What is required:
Please reproduce the entries exactly, skipping each picture.

Stored data entries:
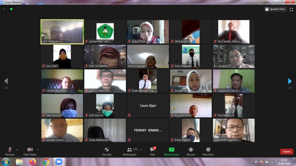 Pelaksanaan dilakukan Jumat siang (25/9/2020) lalu, dibuka oleh Rektor Unilak Dr Junaidi SS MHum, dihadiri Sektretaris Pascasarjana Unilak Dr Helwen, Kaprodi Hukum Dr Ardiansah SAg SH MH, Kaprodi Magister Manajemen Dr Fahmi Oemar, serta dosen.
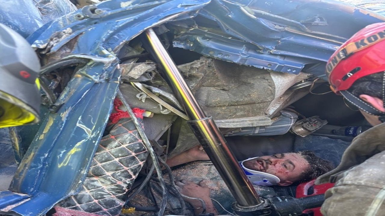 Bursa’da kontrolden çıkarak bariyerlere çarpan TIR’ın hurdaya dönen kabininde sıkışan sürücü A.U., itfaiye ekiplerinin çalışmasıyla kurtarılarak hastaneye kaldırıldı.
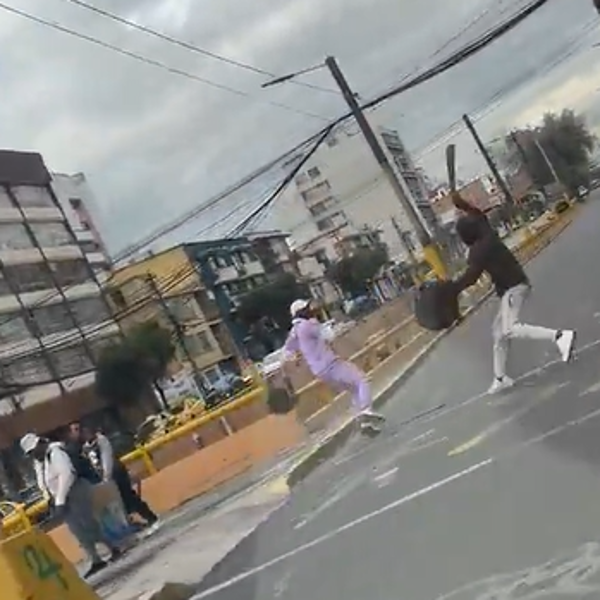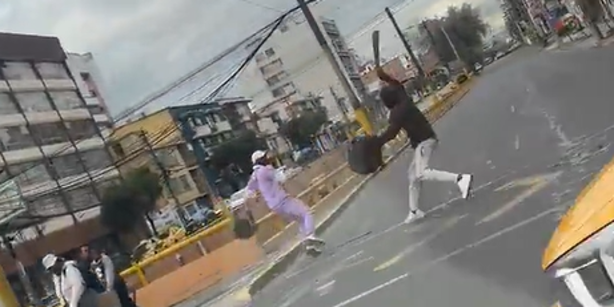 El material, publicado en la cuenta de X del ciudadano José Velasteguí, capta el momento exacto en que dos hombres empiezan una riña en la mitad de la vía; uno de ellos lo amenaza con un machete.
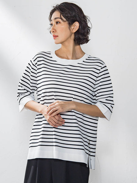 【デザインの特徴】3612-52021のボーダーバージョン。繊細なラメを使用し品の良い輝きが、カジュアルなボーダースタイルに差をつけてくれます。【機能性】◆Washableご自宅での手洗いが可能----------------------------------------------------------------洗濯方法家庭洗濯:液温は30℃を限度とし、手洗いができる。自然乾燥:日蔭の平干しがよい。アイロン:底面温度120℃を限度としてアイロン仕上げができる。ドライクリーニング:石油系溶剤による弱いドライクリーニングができる。----------------------------------------------------------------※画像の商品はサンプルとなりますので実際の商品と仕様、加工、サイズが若干異なる場合がございます。※お客様のモニター環境により実際のお色と多少異なる場合がございます。※撮影状況や光の当たり具合により、色合いが異なって見える場合がございます。※商品タグに記載されたサイズはヌードサイズです。実際の商品のサイズは商品情報の実寸をご確認ください。関連ワード:la.f… ラ エフ 2025春夏 2025SS 春 春服 ミドル丈 ニット ポリエステル レーヨン ナイロン ボーダー シンプル フォーマル モード マニッシュ ラメ 気温15度~20度におすすめ
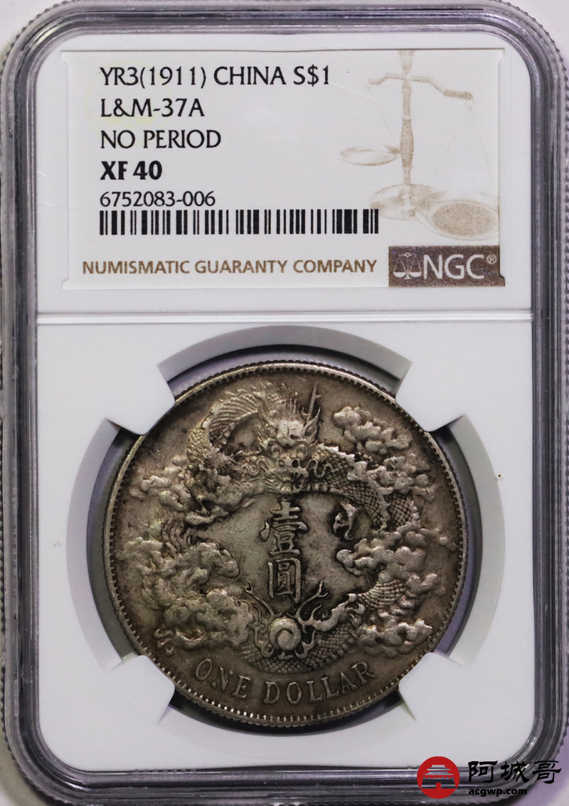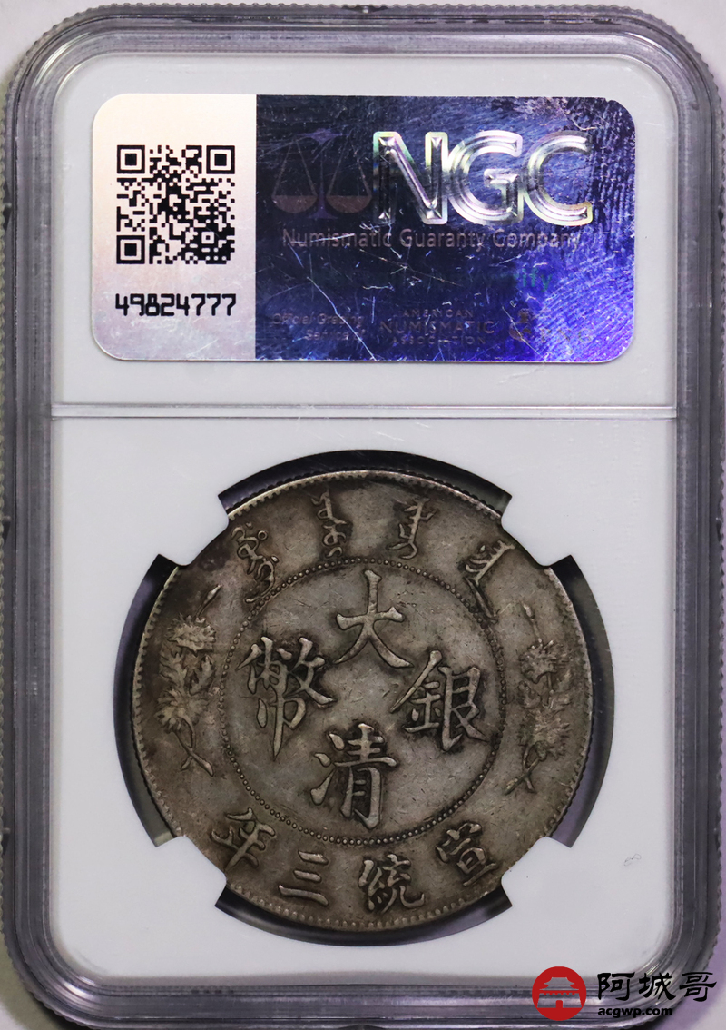 Lot:8 原味老包浆 大清宣三壹圆 NGC XF40
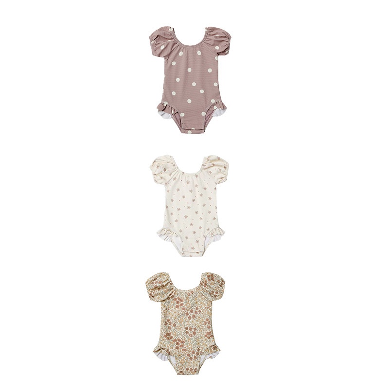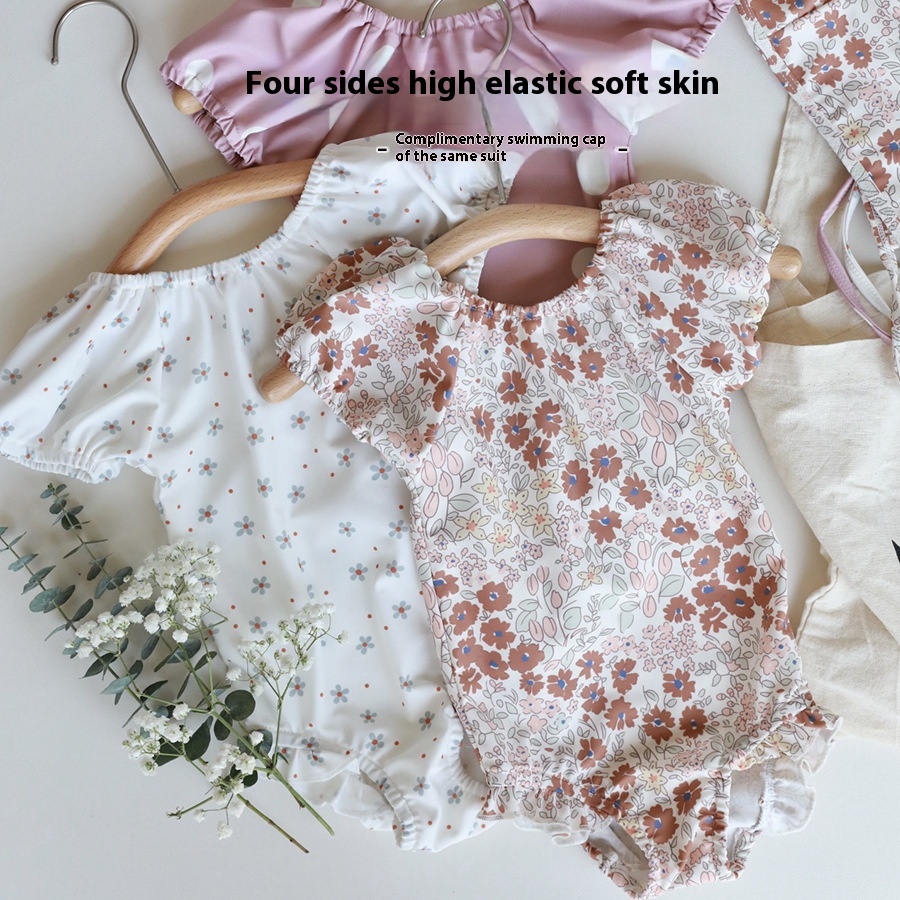 Girls Polyester Floral Swimsuit Quick Dry Baby Foreign Trade Swimsuit Cute Polka Dot Hot Spring Vacation One-Piece Swimsuit
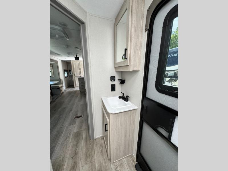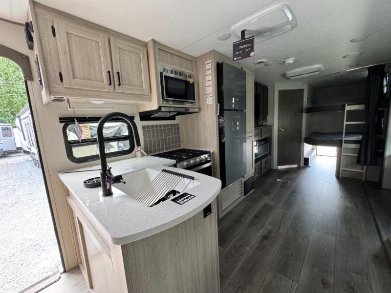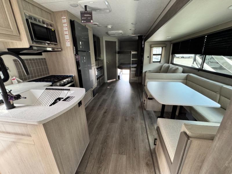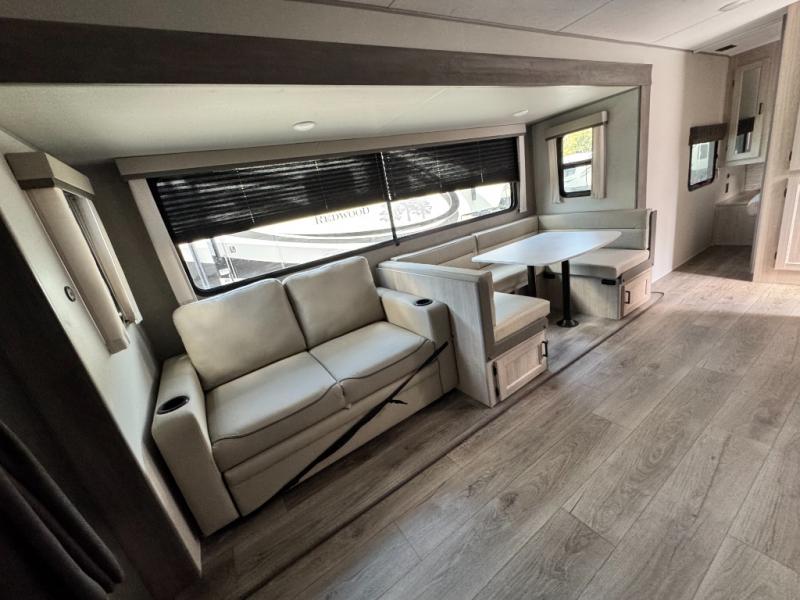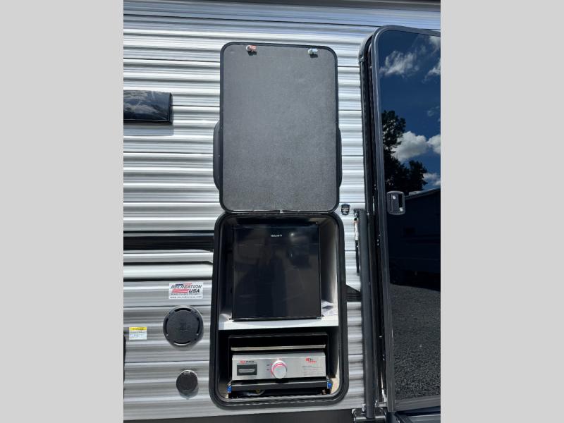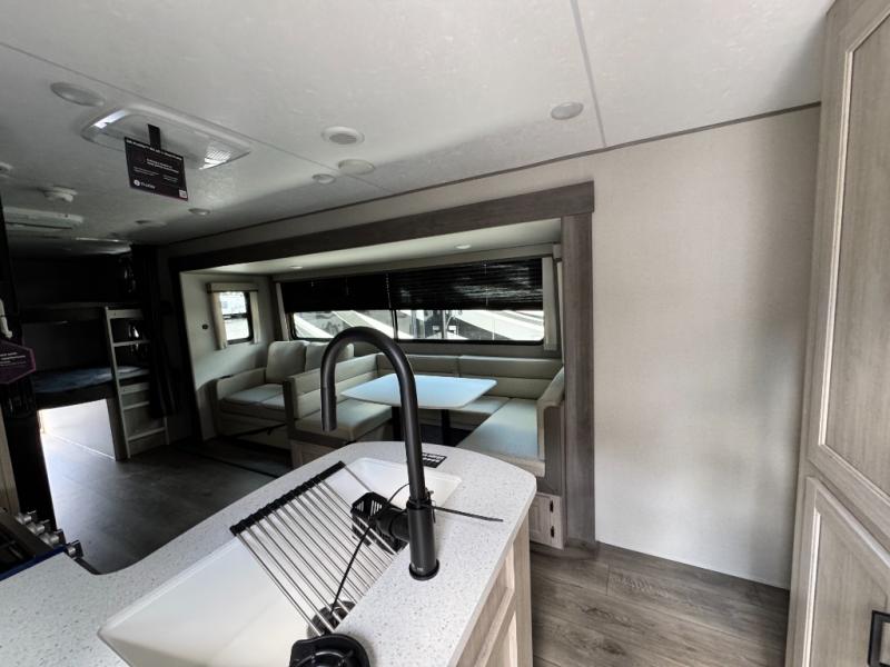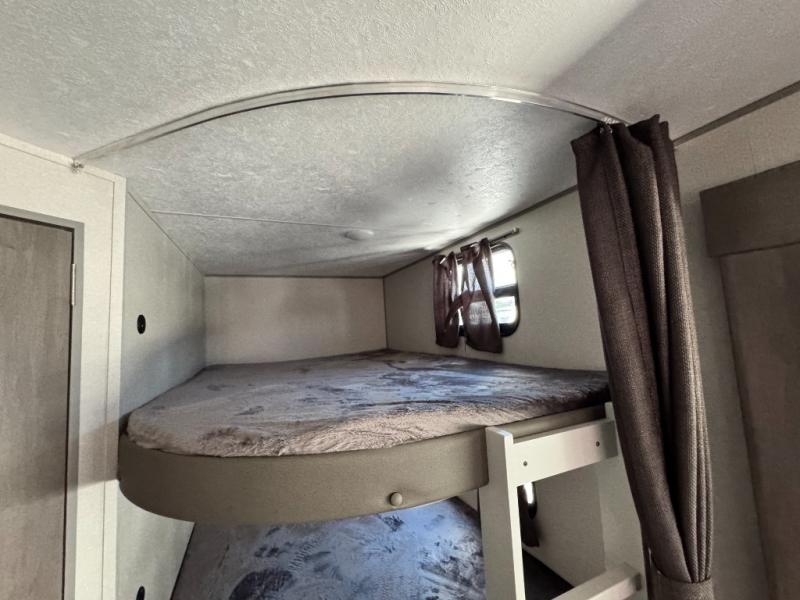 10 FT. SLIDEOUT WINDOW, PORCELAIN PEDESTAL TOILET, TRUNDLE SOFA IPO JACKKNIFE SOFA (PER FLOORPLAN), UNIVERSAL 600W SOLAR PREP W/ INSTALLED ROOF PANEL PORT, ALL-IN-ONE CONTROL PANEL WITH DIMMER SWITCH, 360 SIPHON ROOF VENT, SKYLIGHT ABOVE TUB/SHOWER, BEDROOM USB AND OUTLETS, 12V ROOF VENT AND FAN IN LIVING AND BATHROOM, 5/8" TONGUE AND GROOVE STABLEDECK FLOORING (RETAIL VALUE $2,299.00)
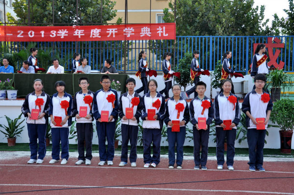 典礼在庄严的升国旗仪式之后拉开了序幕。首先,该校马兆来、孙建国副校长,黄建军主任分别宣读了长庆二中《关于表彰上学年三好学生、优秀学生干部、先进班集体的决定》、《关于表彰“走进家庭、携手育人”大家访活动先进集体和优秀教师的决定》及《关于表彰奖励课改优秀学习小组、优秀学习小组长的决定》等表彰决定,共有李扬等135名优秀学生、初一、5班等11个班级、初一年级组、安玉祥、李锐珍等15名教师受到了表彰奖励。接着,初中升高中优秀学生汪琪代表全体学生做了新学期的表态发言。在热烈的掌声中,该校罗润子校长做了《新学年、新起点、新目标、新要求》的动员讲话。在讲话中,罗校长回顾了长庆二中在过去一学年中所取得的成绩,提出了新学年工作的发展思路和策略,围绕发展策略所要开展的重点工作,为使各项工作落到实处,他对全体师生分别提出了具体的要求。他号召全校上下要以新学期为新起点,以满腔的热情、饱满的精神和坚定的信念,在二中这块沃土上播种希望,洒下热情,奉献智慧,为创造二中更加美好的明天而努力奋斗!
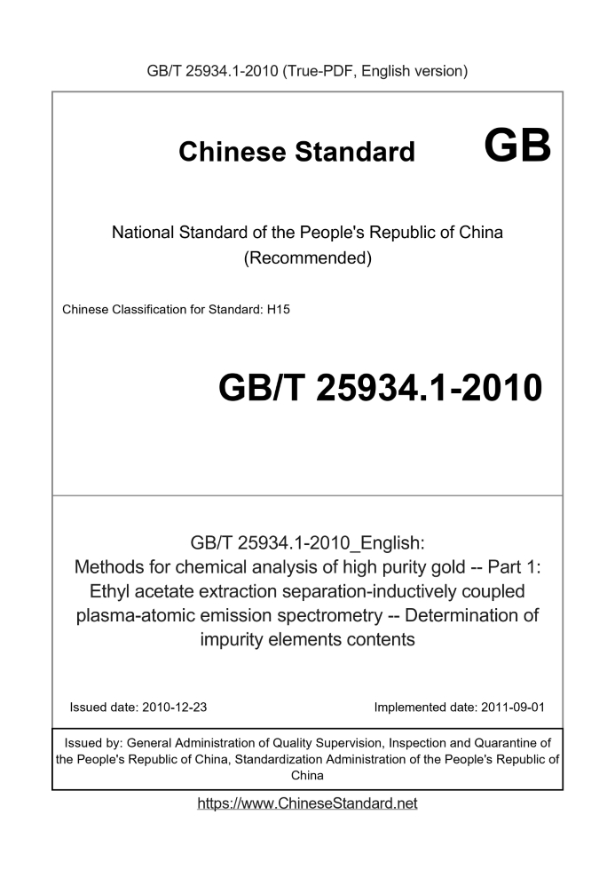Delivery: <= 1 days. True-PDF full-copy in English will be manually translated and delivered via email. GB/T 25934.1-2010: Methods for chemical analysis of high purity gold -- Part 1: Ethyl acetate extraction separation-inductively coupled plasma-atomic emission spectrometry -- Determination of impurity elements contents Status: Valid

Exercise output:
 Pelaksanaan dilakukan Jumat siang (25/9/2020) lalu, dibuka oleh Rektor Unilak Dr Junaidi SS MHum, dihadiri Sektretaris Pascasarjana Unilak Dr Helwen, Kaprodi Hukum Dr Ardiansah SAg SH MH, Kaprodi Magister Manajemen Dr Fahmi Oemar, serta dosen.
 Bursa’da kontrolden çıkarak bariyerlere çarpan TIR’ın hurdaya dönen kabininde sıkışan sürücü A.U., itfaiye ekiplerinin çalışmasıyla kurtarılarak hastaneye kaldırıldı.
 El material, publicado en la cuenta de X del ciudadano José Velasteguí, capta el momento exacto en que dos hombres empiezan una riña en la mitad de la vía; uno de ellos lo amenaza con un machete.
 【デザインの特徴】3612-52021のボーダーバージョン。繊細なラメを使用し品の良い輝きが、カジュアルなボーダースタイルに差をつけてくれます。【機能性】◆Washableご自宅での手洗いが可能----------------------------------------------------------------洗濯方法家庭洗濯:液温は30℃を限度とし、手洗いができる。自然乾燥:日蔭の平干しがよい。アイロン:底面温度120℃を限度としてアイロン仕上げができる。ドライクリーニング:石油系溶剤による弱いドライクリーニングができる。----------------------------------------------------------------※画像の商品はサンプルとなりますので実際の商品と仕様、加工、サイズが若干異なる場合がございます。※お客様のモニター環境により実際のお色と多少異なる場合がございます。※撮影状況や光の当たり具合により、色合いが異なって見える場合がございます。※商品タグに記載されたサイズはヌードサイズです。実際の商品のサイズは商品情報の実寸をご確認ください。関連ワード:la.f… ラ エフ 2025春夏 2025SS 春 春服 ミドル丈 ニット ポリエステル レーヨン ナイロン ボーダー シンプル フォーマル モード マニッシュ ラメ 気温15度~20度におすすめ
 Lot:8 原味老包浆 大清宣三壹圆 NGC XF40
 Girls Polyester Floral Swimsuit Quick Dry Baby Foreign Trade Swimsuit Cute Polka Dot Hot Spring Vacation One-Piece Swimsuit
 10 FT. SLIDEOUT WINDOW, PORCELAIN PEDESTAL TOILET, TRUNDLE SOFA IPO JACKKNIFE SOFA (PER FLOORPLAN), UNIVERSAL 600W SOLAR PREP W/ INSTALLED ROOF PANEL PORT, ALL-IN-ONE CONTROL PANEL WITH DIMMER SWITCH, 360 SIPHON ROOF VENT, SKYLIGHT ABOVE TUB/SHOWER, BEDROOM USB AND OUTLETS, 12V ROOF VENT AND FAN IN LIVING AND BATHROOM, 5/8" TONGUE AND GROOVE STABLEDECK FLOORING (RETAIL VALUE $2,299.00)
 典礼在庄严的升国旗仪式之后拉开了序幕。首先,该校马兆来、孙建国副校长,黄建军主任分别宣读了长庆二中《关于表彰上学年三好学生、优秀学生干部、先进班集体的决定》、《关于表彰“走进家庭、携手育人”大家访活动先进集体和优秀教师的决定》及《关于表彰奖励课改优秀学习小组、优秀学习小组长的决定》等表彰决定,共有李扬等135名优秀学生、初一、5班等11个班级、初一年级组、安玉祥、李锐珍等15名教师受到了表彰奖励。接着,初中升高中优秀学生汪琪代表全体学生做了新学期的表态发言。在热烈的掌声中,该校罗润子校长做了《新学年、新起点、新目标、新要求》的动员讲话。在讲话中,罗校长回顾了长庆二中在过去一学年中所取得的成绩,提出了新学年工作的发展思路和策略,围绕发展策略所要开展的重点工作,为使各项工作落到实处,他对全体师生分别提出了具体的要求。他号召全校上下要以新学期为新起点,以满腔的热情、饱满的精神和坚定的信念,在二中这块沃土上播种希望,洒下热情,奉献智慧,为创造二中更加美好的明天而努力奋斗!
Delivery: <= 1 days. True-PDF full-copy in English will be manually translated and delivered via email. GB/T 25934.1-2010: Methods for chemical analysis of high purity gold -- Part 1: Ethyl acetate extraction separation-inductively coupled plasma-atomic emission spectrometry -- Determination of impurity elements contents Status: Valid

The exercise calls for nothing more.